> **How to complete this task**: Each line below is to be repeated exactly; any picture is to be left out.

> **Dataset entries**:
-.-.-

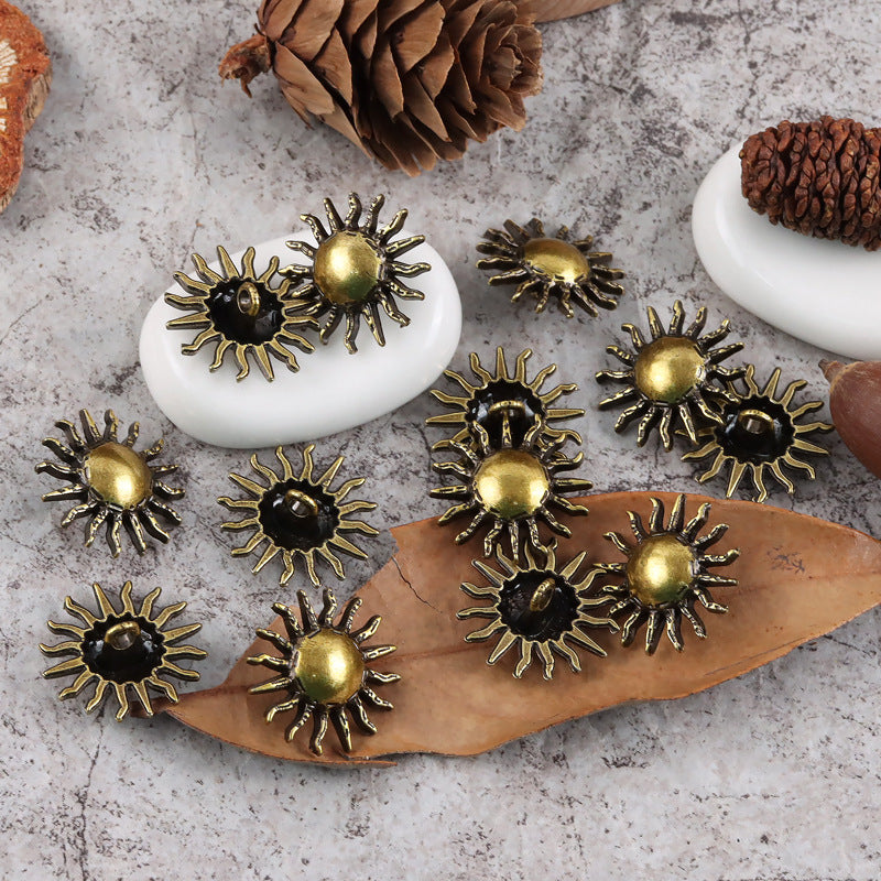 Ti 19/24mm kovinski gumbi so oblikovani v očarljiv vzorec vintage zlate sončnice. Popolni so za dodajanje pridih elegance in edinstvenosti vetrovkam, plaščem in jopičem iz jagnječje volne.
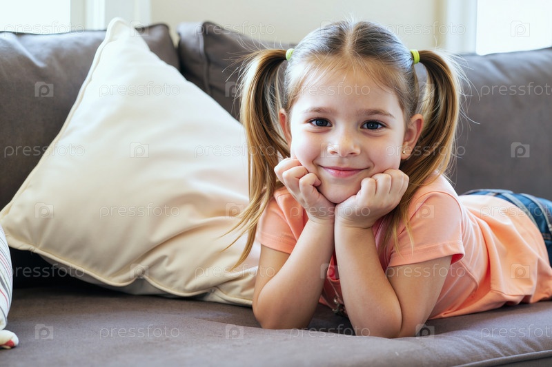 Портрет белокожей девочки-ребенка, улыбающейся, лежа на диване в помещении
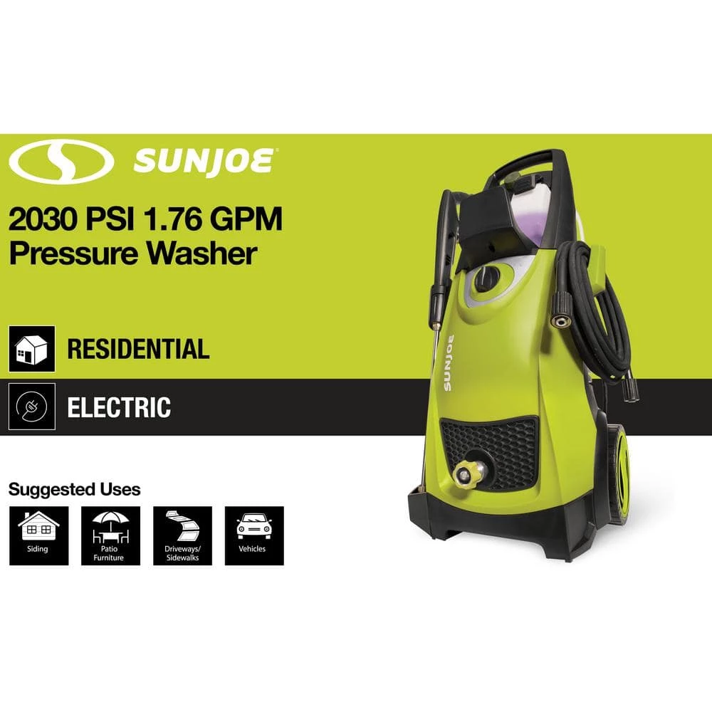 The Sun Joe SPX3000 pressure washer delivers it all to tackle a variety of cleaning tasks: homes, buildings, RV’s, cars, trucks, boats, decks, driveways, patios, lawn equipment, and more. This pressure washer packs a powerful punch with its 1800-Watt/14.5 Amp motor. The Sun Joe SPX3000 electric pressure washer generates up to 2030 PSI of water pressure (at initial discharge per CSA internal pressure testing) and 1.76 GPM (with nozzle open at minimum pressure) of water flow. Equipped with a dual detergent tank system, the Sun Joe SPX3000 pressure washer carries and stores two different types of detergent simultaneously in its two 0.9 L onboard, removable detergent tanks. Conveniently switch between different detergents with its detergent selection dial and blast away all sorts of grime. This pressure washer features a 34-in extension spray wand to access hard-to-reach areas. This pressure washer lets you tailor the pressure output of the spray to your cleaning need with Sun Joe’s five Quick-Connect spray nozzles. Interchange nozzles to quickly go from a high-pressure 0Β° pencil point jet to a low-pressure 40Β° fan spray or apply detergent to the cleaning surface with the soap nozzle for additional cleaning power. Your new pressure washer is backed by the Snow Joe + Sun Joe Customer Promise. We will warrant new, powered products for two years from the date of purchase. NO QUESTIONS ASKED. Contact Snow Joe + Sun Joe customer support at 1-866-766-9563 for further assistance.
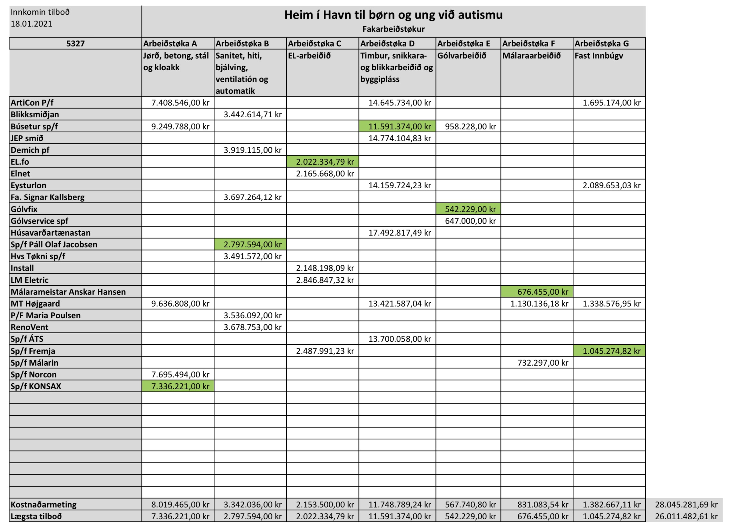 Tilboðini at byggja heimið til børn og ung við autismu, sum skal byggjast í Kvíggjartún á Argjum, vóru í dag latin upp. Samanlangt vóru tilboðini lægri enn kostnaðarmetingin, og samanlagt fer tað at kosta 39 mió. kr. at byggja heimið.
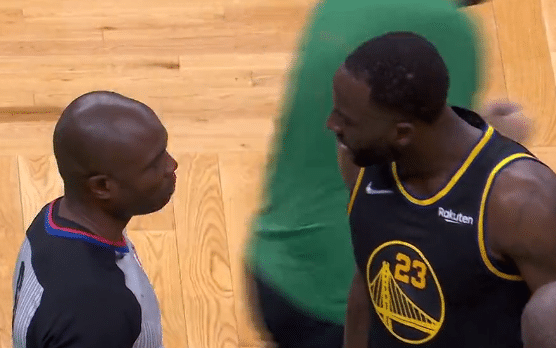 裁判吹罚后,格林冲着裁判咆哮怒吼,似乎质问裁判为什么不吹停比赛。
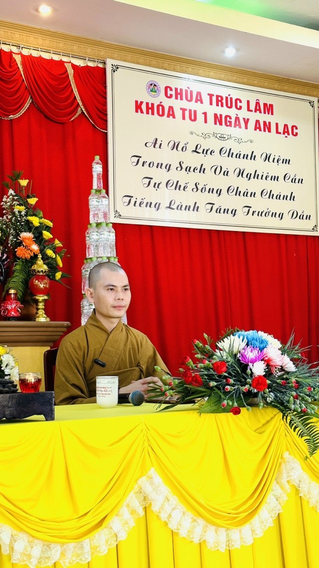 Trong bài Pháp thoại Đại đức chia sẻ: Đức Phật dạy niềm tin là mẹ sinh ra các công đức, vì thế chúng ta là Phật tử và hôm nay được tu học nơi ngôi chùa Trúc Lâm này khi nghe pháp, có niềm tin vào chánh pháp và thực hành pháp đức Phật dạy thì công đức chúng ta tăng trưởng. Thiện pháp tăng trưởng thì ác pháp sẽ không có cơ hội sanh khởi cho nên chúng ta sẽ được an lành và hạnh phúc trong cuộc sống này. Đại đức giảng sư cũng khuyến tấn quý Phật tử phải có niềm tin đúng đắn lấy trí tuệ soi sáng dẫn đường, muốn có trí tuệ thì mỗi cá nhân cần phải học hiểu chánh pháp và thân cận những bậc minh sư. Khi ngọn đèn trí tuệ được thắp sáng thì chúng sẽ không lầm đường lạc lối, chúng ta sẽ nhận ra được 4 sự thật khổ tập diệt đạo, chúng ta sẽ thành tựu được giải thoát, giác ngộ và Niết-bàn. Đây chính là điều tuyệt vời nhất mà mỗi chúng cần hướng tới. Thời Pháp thoại khép lại trong niềm hoan hỷ của cả Đại chúng sau đó Đạo tràng tu học tiếp tục thời khóa kinh hành niệm Phật về Chánh điện và trai đường cử hành nghi thức quá đường và thọ trai trong sự trang nghiêm thanh tịnh.
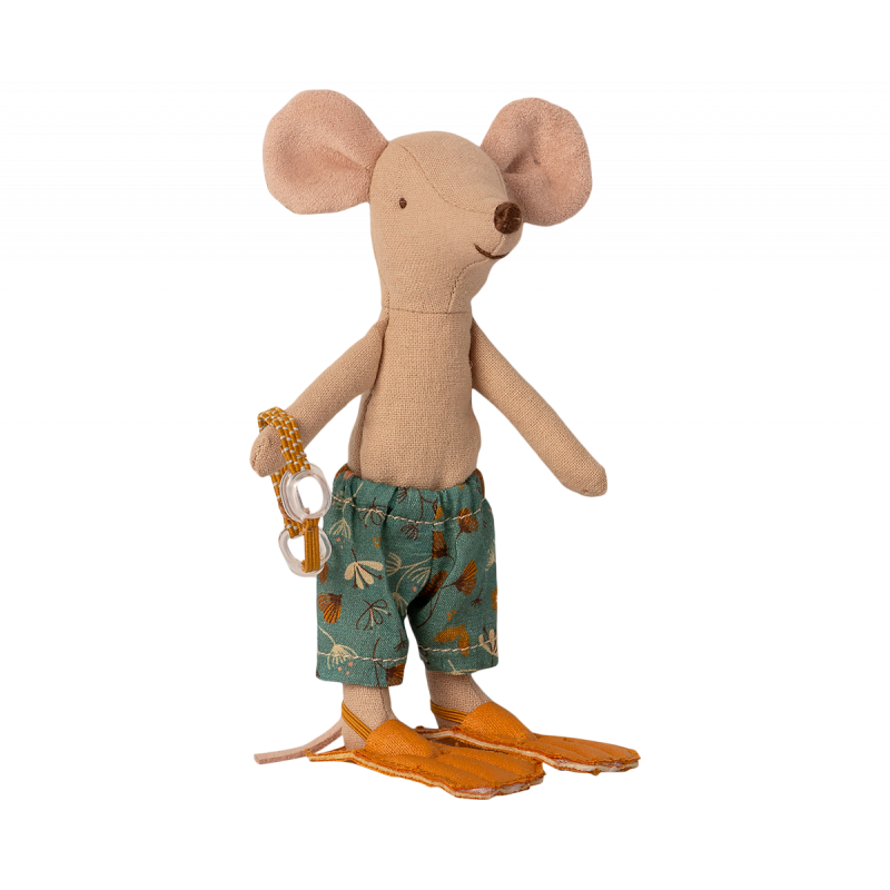 Nu kan även dina gosedjur följa med till stranden och sola och bada. Storebror mus har en egen badhytt och självklart även simfötter och simglasögon så att han kan simma snabbt i vattnet. Han är även klädd i ett par häftiga badshorts med palmmönster. Badhytten är tillverkad i kartong och har blå ränder.

-.-.-

> **Response area**:
 Ti 19/24mm kovinski gumbi so oblikovani v očarljiv vzorec vintage zlate sončnice. Popolni so za dodajanje pridih elegance in edinstvenosti vetrovkam, plaščem in jopičem iz jagnječje volne.
 Портрет белокожей девочки-ребенка, улыбающейся, лежа на диване в помещении
 The Sun Joe SPX3000 pressure washer delivers it all to tackle a variety of cleaning tasks: homes, buildings, RV’s, cars, trucks, boats, decks, driveways, patios, lawn equipment, and more. This pressure washer packs a powerful punch with its 1800-Watt/14.5 Amp motor. The Sun Joe SPX3000 electric pressure washer generates up to 2030 PSI of water pressure (at initial discharge per CSA internal pressure testing) and 1.76 GPM (with nozzle open at minimum pressure) of water flow. Equipped with a dual detergent tank system, the Sun Joe SPX3000 pressure washer carries and stores two different types of detergent simultaneously in its two 0.9 L onboard, removable detergent tanks. Conveniently switch between different detergents with its detergent selection dial and blast away all sorts of grime. This pressure washer features a 34-in extension spray wand to access hard-to-reach areas. This pressure washer lets you tailor the pressure output of the spray to your cleaning need with Sun Joe’s five Quick-Connect spray nozzles. Interchange nozzles to quickly go from a high-pressure 0Β° pencil point jet to a low-pressure 40Β° fan spray or apply detergent to the cleaning surface with the soap nozzle for additional cleaning power. Your new pressure washer is backed by the Snow Joe + Sun Joe Customer Promise. We will warrant new, powered products for two years from the date of purchase. NO QUESTIONS ASKED. Contact Snow Joe + Sun Joe customer support at 1-866-766-9563 for further assistance.
 Tilboðini at byggja heimið til børn og ung við autismu, sum skal byggjast í Kvíggjartún á Argjum, vóru í dag latin upp. Samanlangt vóru tilboðini lægri enn kostnaðarmetingin, og samanlagt fer tað at kosta 39 mió. kr. at byggja heimið.
 裁判吹罚后,格林冲着裁判咆哮怒吼,似乎质问裁判为什么不吹停比赛。
 Trong bài Pháp thoại Đại đức chia sẻ: Đức Phật dạy niềm tin là mẹ sinh ra các công đức, vì thế chúng ta là Phật tử và hôm nay được tu học nơi ngôi chùa Trúc Lâm này khi nghe pháp, có niềm tin vào chánh pháp và thực hành pháp đức Phật dạy thì công đức chúng ta tăng trưởng. Thiện pháp tăng trưởng thì ác pháp sẽ không có cơ hội sanh khởi cho nên chúng ta sẽ được an lành và hạnh phúc trong cuộc sống này. Đại đức giảng sư cũng khuyến tấn quý Phật tử phải có niềm tin đúng đắn lấy trí tuệ soi sáng dẫn đường, muốn có trí tuệ thì mỗi cá nhân cần phải học hiểu chánh pháp và thân cận những bậc minh sư. Khi ngọn đèn trí tuệ được thắp sáng thì chúng sẽ không lầm đường lạc lối, chúng ta sẽ nhận ra được 4 sự thật khổ tập diệt đạo, chúng ta sẽ thành tựu được giải thoát, giác ngộ và Niết-bàn. Đây chính là điều tuyệt vời nhất mà mỗi chúng cần hướng tới. Thời Pháp thoại khép lại trong niềm hoan hỷ của cả Đại chúng sau đó Đạo tràng tu học tiếp tục thời khóa kinh hành niệm Phật về Chánh điện và trai đường cử hành nghi thức quá đường và thọ trai trong sự trang nghiêm thanh tịnh.
 Nu kan även dina gosedjur följa med till stranden och sola och bada. Storebror mus har en egen badhytt och självklart även simfötter och simglasögon så att han kan simma snabbt i vattnet. Han är även klädd i ett par häftiga badshorts med palmmönster. Badhytten är tillverkad i kartong och har blå ränder.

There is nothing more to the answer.